Assignment:
Could you return all of the entries word for word, minus any pictures?

Records from a dataset
■ ■ ■ ■
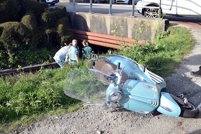 Vrouw botst tegen auto, valt van haar scooter en belandt in een diepe sloot in Bruchem
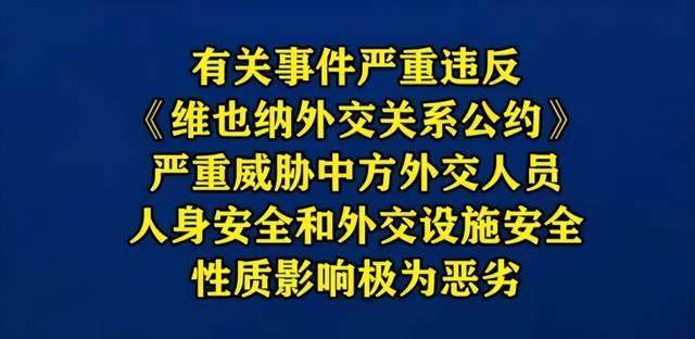 搪塞部发言东说念主林剑的表态义正言辞:该事件严重违抗《维也纳搪塞相干契约》,严重禁止中方搪塞东说念主员东说念主身安全和搪塞样式安全,性质影响极为恶劣。
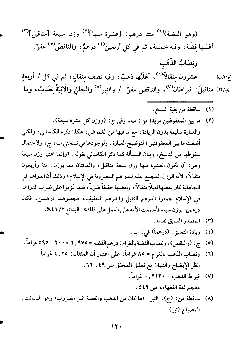 وَهُوَ الْفضة مئتا دِرْهَم عشرَة مِنْهَا وزن سَبْعَة مَثَاقِيل أغلبها فضَّة وَفِيه خَمْسَة ثمَّ فِي كل أَرْبَعِينَ دِرْهَم والناقص عَفْو ونصاب الذَّهَب عشرُون مِثْقَالا أغلبها ذهب وَفِيه نصف مِثْقَال ثمَّ فِي كل أَرْبَعَة مَثَاقِيل قيراطان والناقص عَفْو والتبر والحلي والآنية نِصَاب وَمَا
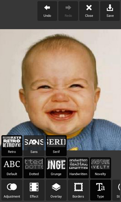 এর পরে আছে Type নামের মেইন মেনু অপশন যেখানে ট্যাপ করে আপনি মোট ৭টি ফন্ট ক্যাটাগরি থেকে শতাধিক ফন্ট ব্যবহার করতে পারবেন ও ছবির উপর লিখতে পারবেন।
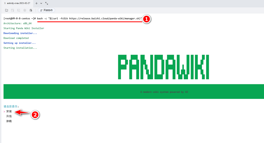 >>过程中会提示选择安装选项,直接选“>安装>”,默认目录为 >/data/pandawiki>。
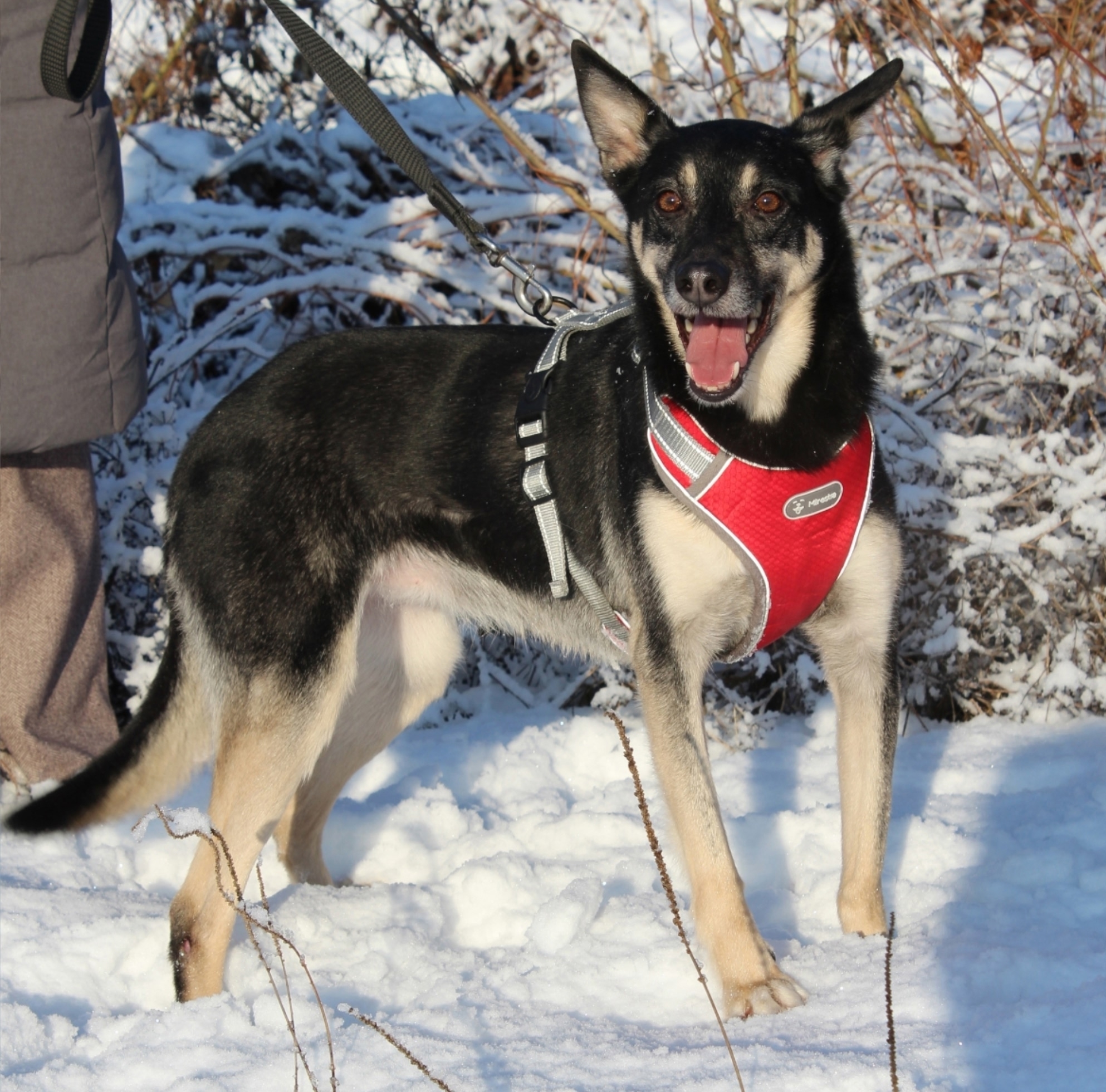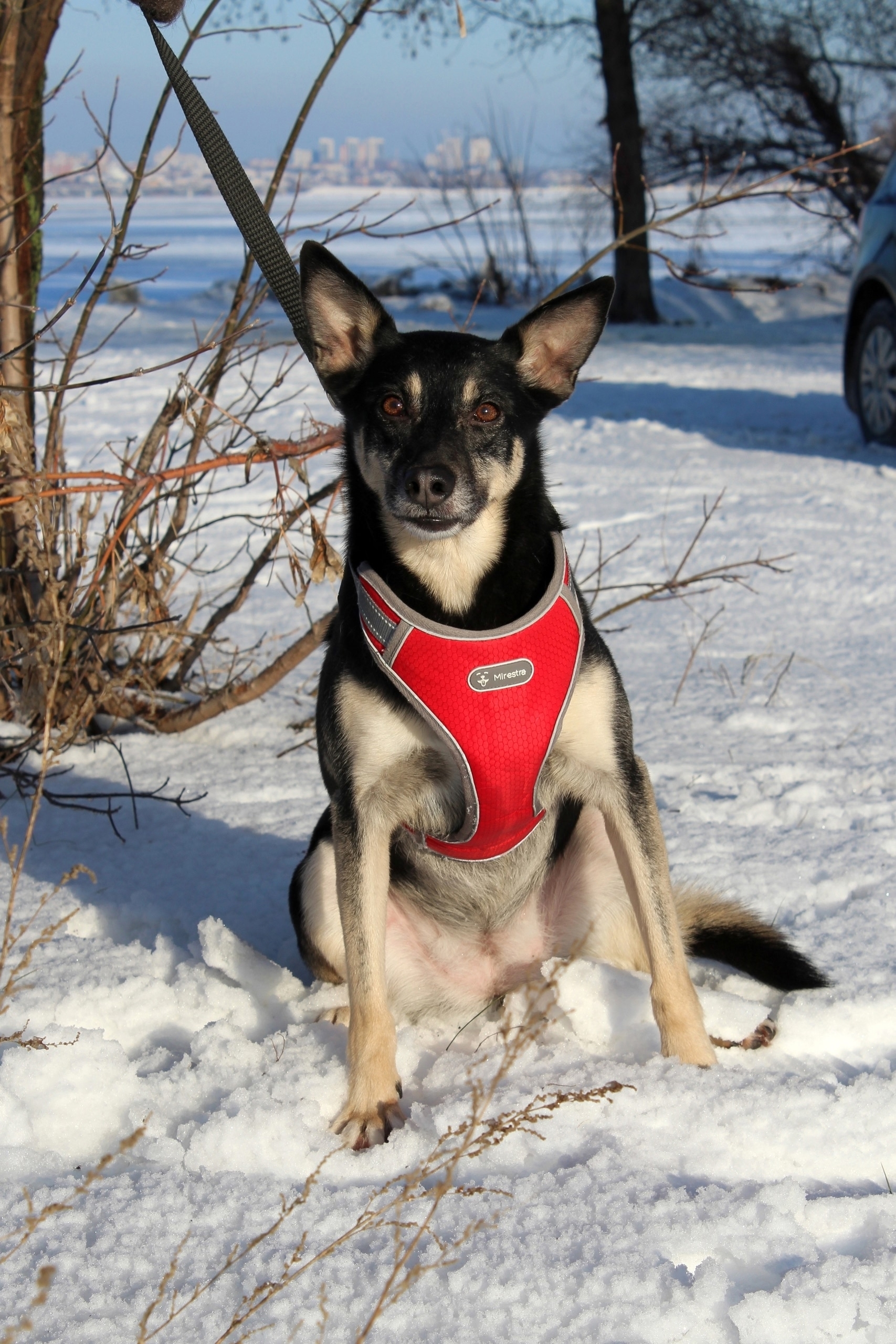 Тэфи сейчас 6 лет. Она привита, обработана, стерилизована. Ходит на поводке, хорошо ездит в машине.
■ ■ ■ ■
Your response:
 Vrouw botst tegen auto, valt van haar scooter en belandt in een diepe sloot in Bruchem
 搪塞部发言东说念主林剑的表态义正言辞:该事件严重违抗《维也纳搪塞相干契约》,严重禁止中方搪塞东说念主员东说念主身安全和搪塞样式安全,性质影响极为恶劣。
 وَهُوَ الْفضة مئتا دِرْهَم عشرَة مِنْهَا وزن سَبْعَة مَثَاقِيل أغلبها فضَّة وَفِيه خَمْسَة ثمَّ فِي كل أَرْبَعِينَ دِرْهَم والناقص عَفْو ونصاب الذَّهَب عشرُون مِثْقَالا أغلبها ذهب وَفِيه نصف مِثْقَال ثمَّ فِي كل أَرْبَعَة مَثَاقِيل قيراطان والناقص عَفْو والتبر والحلي والآنية نِصَاب وَمَا
 এর পরে আছে Type নামের মেইন মেনু অপশন যেখানে ট্যাপ করে আপনি মোট ৭টি ফন্ট ক্যাটাগরি থেকে শতাধিক ফন্ট ব্যবহার করতে পারবেন ও ছবির উপর লিখতে পারবেন।
 >>过程中会提示选择安装选项,直接选“>安装>”,默认目录为 >/data/pandawiki>。
 Тэфи сейчас 6 лет. Она привита, обработана, стерилизована. Ходит на поводке, хорошо ездит в машине.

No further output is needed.